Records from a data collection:

========================================

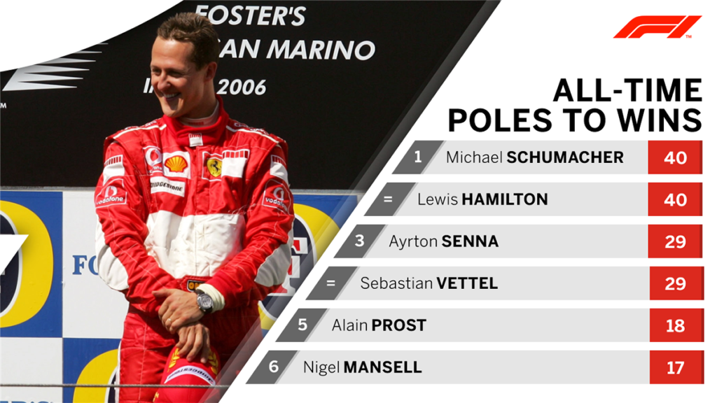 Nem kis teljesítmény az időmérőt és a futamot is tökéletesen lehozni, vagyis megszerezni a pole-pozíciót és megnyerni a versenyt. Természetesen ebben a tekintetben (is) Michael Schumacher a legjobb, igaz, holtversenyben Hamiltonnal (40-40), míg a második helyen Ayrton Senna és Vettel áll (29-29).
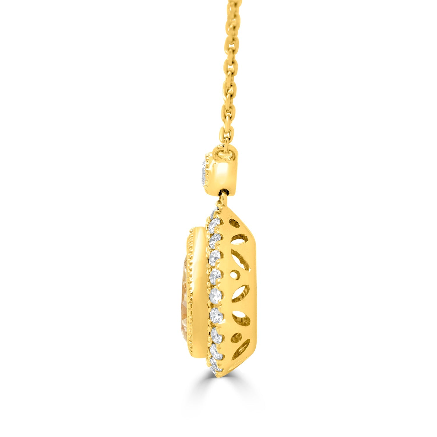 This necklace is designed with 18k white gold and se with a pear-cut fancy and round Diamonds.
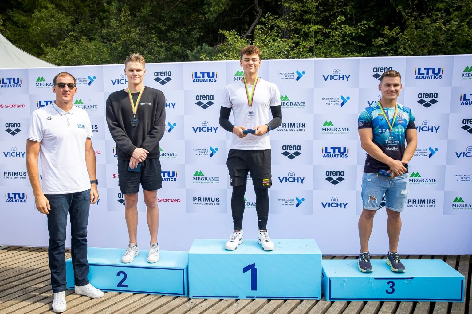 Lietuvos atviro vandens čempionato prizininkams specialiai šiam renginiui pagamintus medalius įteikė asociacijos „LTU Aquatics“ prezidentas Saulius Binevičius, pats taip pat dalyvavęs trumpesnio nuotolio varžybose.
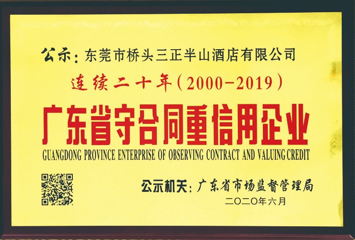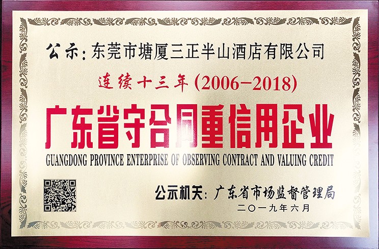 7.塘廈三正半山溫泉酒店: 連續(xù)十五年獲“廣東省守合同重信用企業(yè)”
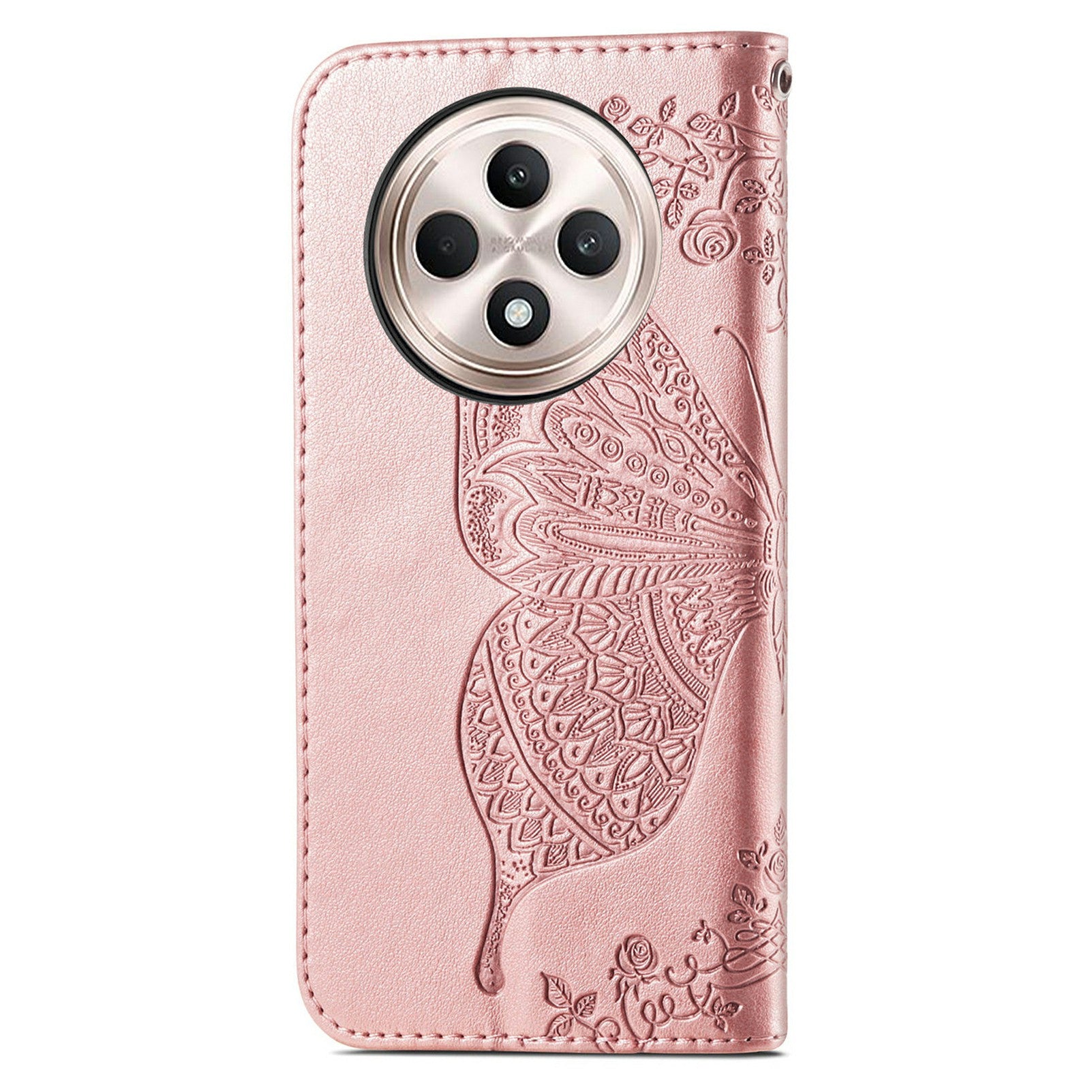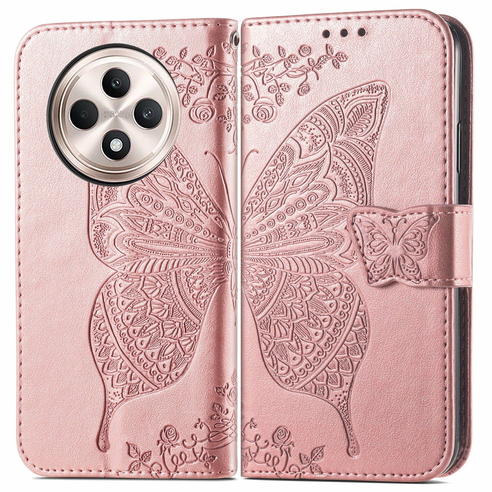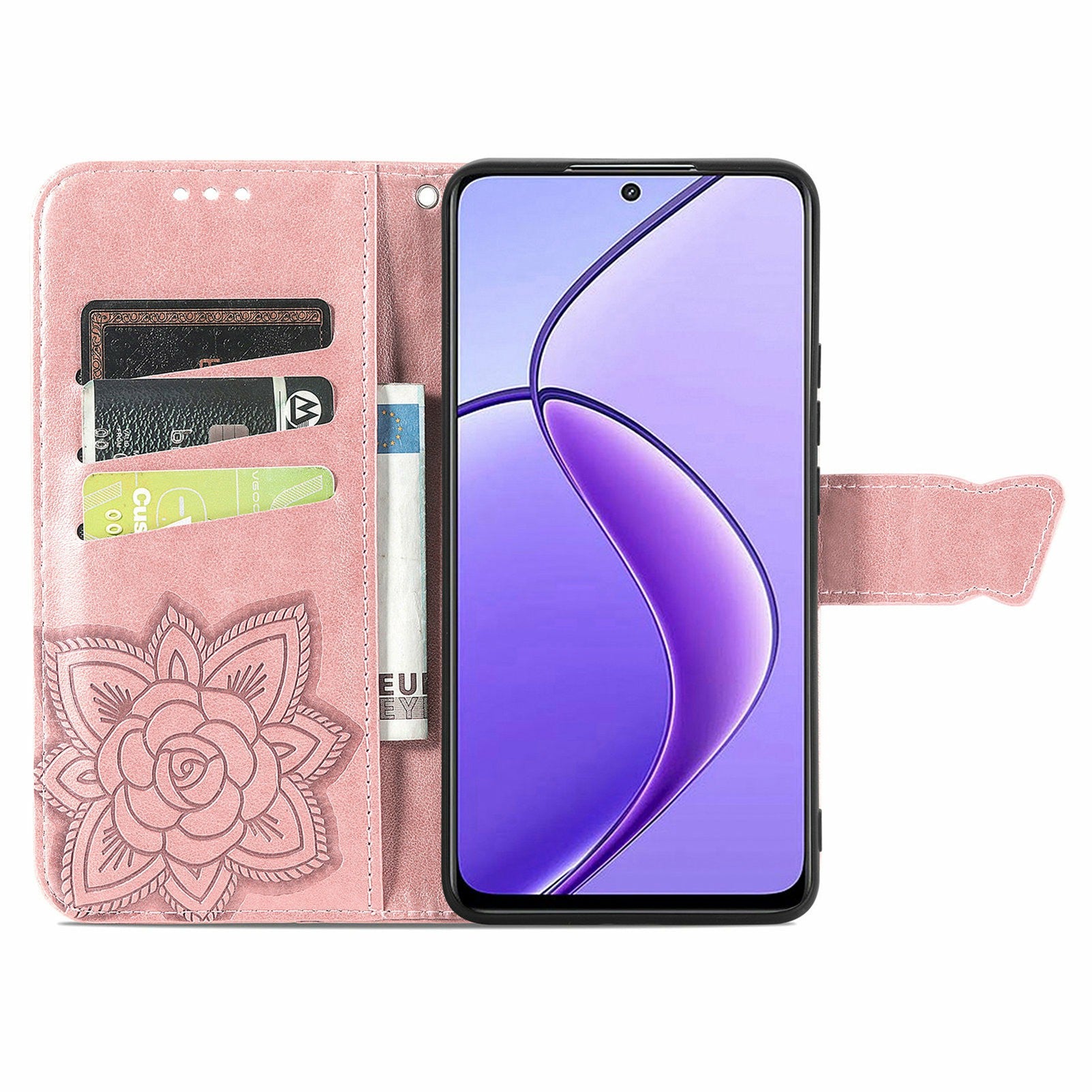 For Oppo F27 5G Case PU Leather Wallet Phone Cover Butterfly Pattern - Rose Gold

========================================

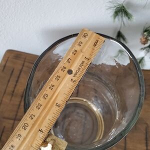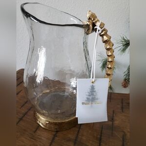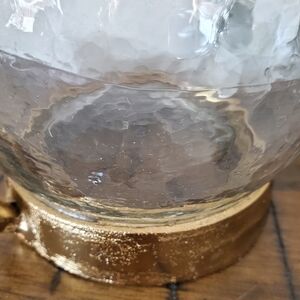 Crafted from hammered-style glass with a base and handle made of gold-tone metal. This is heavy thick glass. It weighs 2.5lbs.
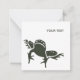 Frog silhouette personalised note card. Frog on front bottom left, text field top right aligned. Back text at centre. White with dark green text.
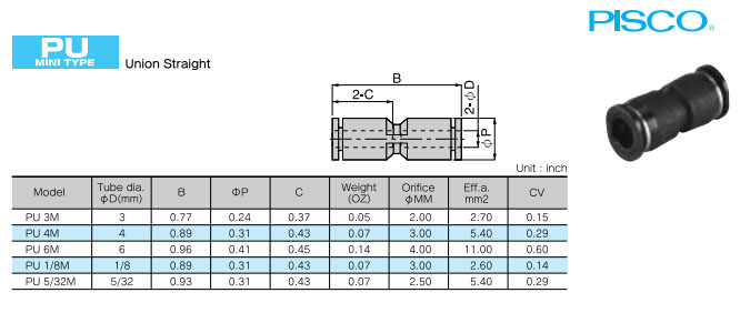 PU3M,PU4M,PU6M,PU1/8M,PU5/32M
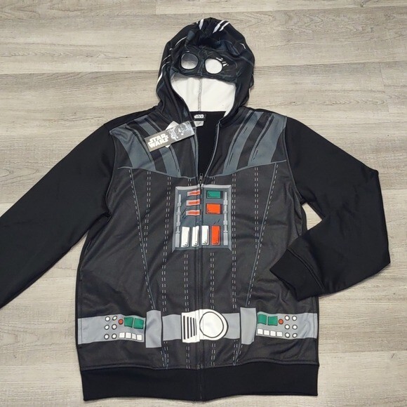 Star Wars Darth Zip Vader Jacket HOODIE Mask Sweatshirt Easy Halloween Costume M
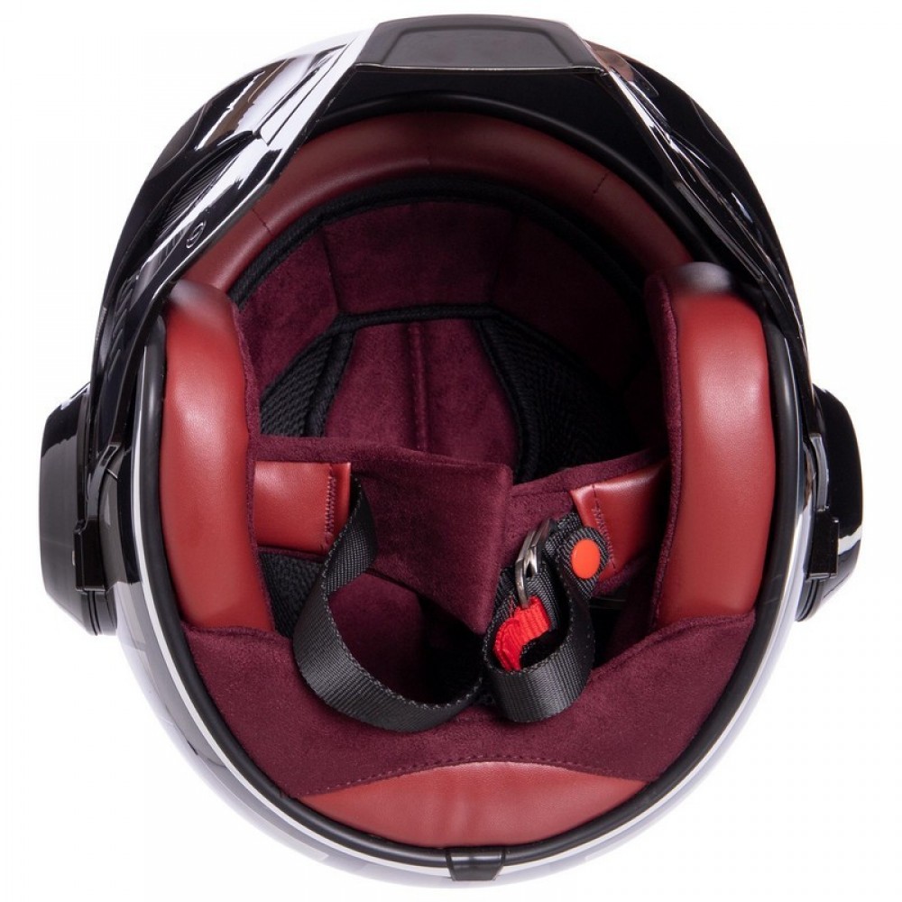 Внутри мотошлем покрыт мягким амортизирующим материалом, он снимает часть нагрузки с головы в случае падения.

========================================

Above are the records; copy exactly the lines from the one with "7.塘廈三正半山溫泉酒店: 連續(xù)" through the one with "For Oppo F27", including both, and nothing more. Leave out pictures.

RESULT BELOW:
 7.塘廈三正半山溫泉酒店: 連續(xù)十五年獲“廣東省守合同重信用企業(yè)”
 For Oppo F27 5G Case PU Leather Wallet Phone Cover Butterfly Pattern - Rose Gold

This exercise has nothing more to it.